First of all, we reprioritized some of our early programs and this SLE filing and Phase 1 studies is not going to be a major, costly programs. I think we are in good shape to manage that.

Wayne Wu (Research Analyst)

Got it. Thank you very much, William.

William Cao (Founder, Chairman, and CEO)

You're welcome.

Operator (participant)

Okay. It does appear we do have one more question from the line of Yanan Zhu from Wells Fargo. Please go ahead.

Yanan Zhu (Senior Analyst of Biotechnology Equity Research)

Hi, thanks for fitting me in. I have a couple questions on the lupus program. Do we know the relative contribution of plasma cells and B cells to the autoimmunity? It does appear from the Nature paper that targeting B cells alone might have already had a good efficacy. Just wondering the incremental benefit from targeting BCMA. Also a question on the acceptance of lymphodepletion in lupus as well as in additional broader autoimmune diseases. How do you know, look at that requirement and what it means for uptake in those diseases? Thank you.

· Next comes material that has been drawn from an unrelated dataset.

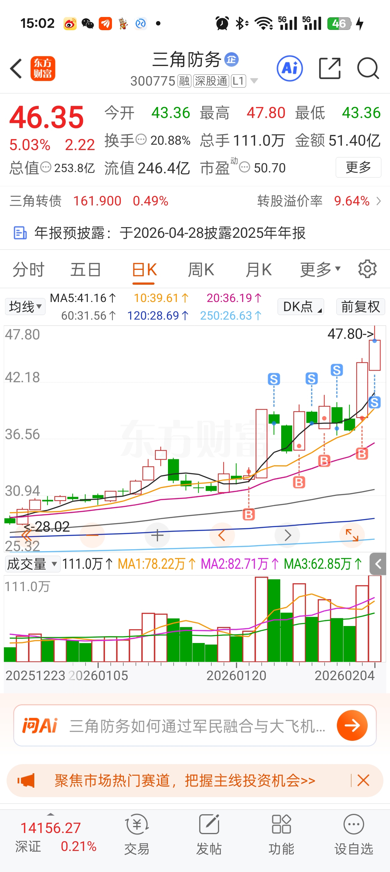$三角防务(SZ300775)$ 感觉这次要卖飞了

William Cao (Founder, Chairman, and CEO)

Yeah. Yanan, these are good questions. I think it's similar to part of the question, similar to the previous questions, you know, MOA of the GC012F or OE for other autoimmune disease. Maybe I could sort of extend a little bit by referencing one of the publications by UPenn's group that in subgroup of autoantibody-producing cells, expression of BCMA is high. However, CD19 is low, and these are very long-lasting antibody, autoantibody-producing cells. The paper discussed that there will be certain patients remain refractory to CD19 targeting because of expression of CD19 that's diminished when the cell develop into plasma cell stage. We all know plasma cell is the major antibody-producing cells.

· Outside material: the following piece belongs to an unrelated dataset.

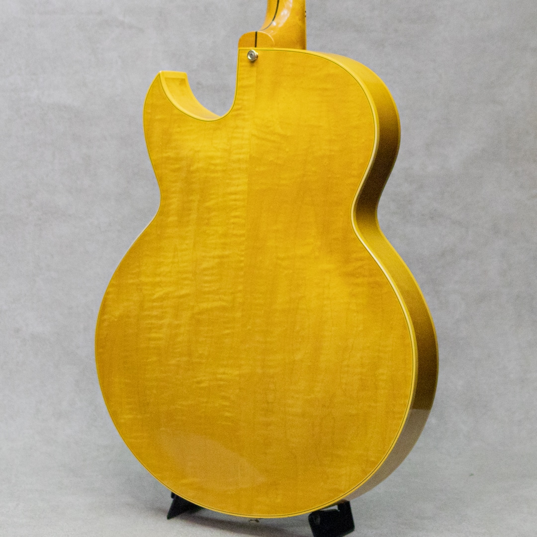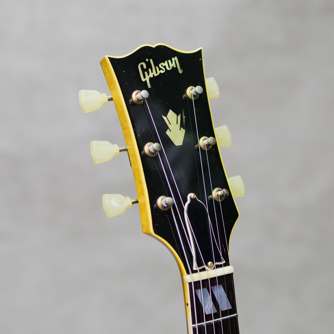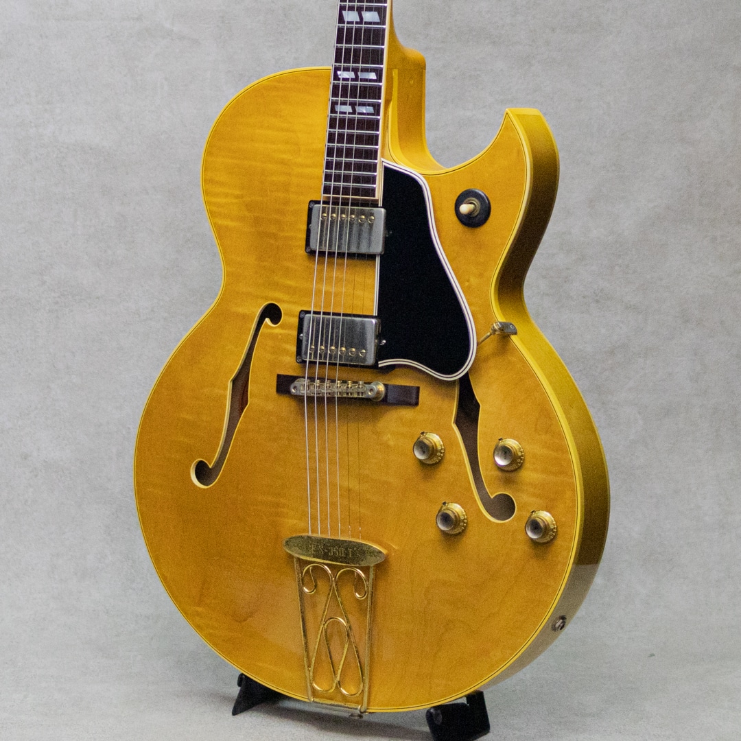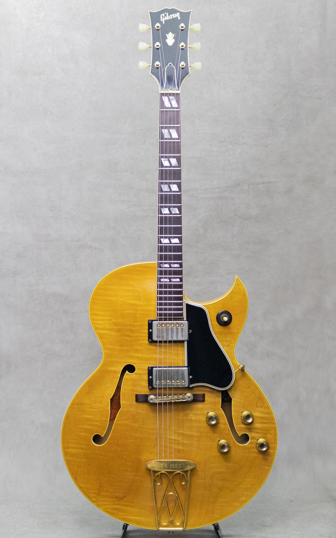 Gibson “ES-350TDN”。ESホロウボディモデルの中位器種として1947年にラインナップされた”ES-350”の後継機種として、1955年にシンボディ・ホロウモデルとしてデザイン変更され1963年まで製造されました。シン・ボディモデルになった際にショートスケール&ナロウストリングピッチへと仕様変更され、差し詰め”Byrdland”のラミネイトトップ版としての認識で知られます。またチャック・ベリーが愛用したことでも広く知られるモデルです。本器は、フローレンタインカッタウェイに変更になった後の”ES-350TDN”。ナチュラルカラーに浮き出るフィギュアド杢が色気抜群のブロンド1962年製Vintage品。全面に浮かぶ縮み杢が美事なゴージャスなラミネイトメイプルを用いたホロウボディ。ブロンドカラーならではのたまらない色気です。セルロイドバインディングのメイプル2pcsネックにハカランダ指板、MOPダブルパラレログラム指板インレイ、Gibsonロゴ&クラウンヘッドインレイ。薄手ながら安心感のあるグリップのネックシェイプを持つ本器。とても弾きやすく、馴染みがグッドです。ピックアップは、オリジナル”P.A.F"の”PU-490”ナロウピッチハムバッキングPUx2が搭載されています。アッセンブリーはもちろん、ABR-1ブリッジ、”ES-350T"刻印テイルピース、ベベルドプライピックガード、エスカッション、ゴールドリフレクターノブなど、パーツはオリジナルをストック。唯一、ペグのみ近年Kluson Deluxeに交換されていますが、経年により質感は伴っており良い印象です。ドライで分離が良く、それでいて艶やかで倍音の乗った素晴らしいサウンドの本器。強弱で出る特有の倍音は、フレーズに色気と表情をもたらしてくれます。オリジナルビンテージ、そしてオリジナルP.A.Fでしか得られないグッドフィールは、弾き出すと止まらなくなる極上サウンドです。フレットはしっかりと交換され残りもしっかりとあり、ネックコンディションもとても良好。ハイフレットまで音詰まりもなくスムースにプレイいただけます。傷も極々僅かのみで、ウェザーチェッキングも派手でなく上品な面持ちです。ネックヒール側面にストラップピン取付埋め痕が見られます。プレイにももちろんですが、このルックスはとても高い満足度をもたらしてくれるでしょう。オススメ度二重丸のコレクタブルビンテージです。オリジナルブラウンハードケース付属

We do have preliminary data to support the direction, but we will discuss about in appropriate event. Did I answer all your questions, Yanan?

Yanan Zhu (Senior Analyst of Biotechnology Equity Research)

Thanks, William. The role of lymphodepletion in autoimmune diseases or how it might affect, uptake.

William Cao (Founder, Chairman, and CEO)

Low lymphodepletion.

Yanan Zhu (Senior Analyst of Biotechnology Equity Research)

Sorry.

lymphodepletion. Sorry.

William Cao (Founder, Chairman, and CEO)

Yeah, lymphodepletion in... What do you mean? Lymphodepletion in autoimmune disease is lower or? I think I missed that.

Yanan Zhu (Senior Analyst of Biotechnology Equity Research)

Sorry, I meant to say, for CAR T to be used to treat autoimmune disease.

Lymphodepletion is required. I was just wondering how that might fit in a autoimmune disease, treatment, situation, especially how patients-

would, you know, be willing to-

William Cao (Founder, Chairman, and CEO)

I see.

Yanan Zhu (Senior Analyst of Biotechnology Equity Research)

undergo treatment.

William Cao (Founder, Chairman, and CEO)

Right. It is not an issue, as being, you know, sort of evidenced by this Nature Medicine group and then also the clinical studies that we intend to conduct, as an IIT in China as they're being all approved. It's not a concern. Lymphodepletion for these autoimmune disease patients is tolerable, and those chemicals are used or was used for autoimmune disease treatment, so they are safe. Patient acceptance, I'm not aware of that could've been an issue. I don't think so. It's a debilitating disease, so lymphodepletion, it's relatively lighter treatment.

Yanan Zhu (Senior Analyst of Biotechnology Equity Research)

Very helpful. Thank you, William.

William Cao (Founder, Chairman, and CEO)

Okay. You're welcome.

Operator (participant)

I will now turn the conference over to Dr. William Cao.

William Cao (Founder, Chairman, and CEO)

Thank you again to everyone for joining us on the call. We are proud of the progress the Gracell team has made over the past year. 2023 will be exciting year for us, as we are on track to initiate our RRMM IND studies in both the U.S. and China and expanding GC012F into the autoimmune field. We believe Gracell is well-positioned to deliver CAR T-cell therapies that can potentially transform the treatment landscape. We look forward to providing clinical data updates and sharing key pipeline and technology updates throughout the year.

Operator (participant)

Ladies and gentlemen, this concludes today's presentation. Thank you once again for your participation. You may now disconnect.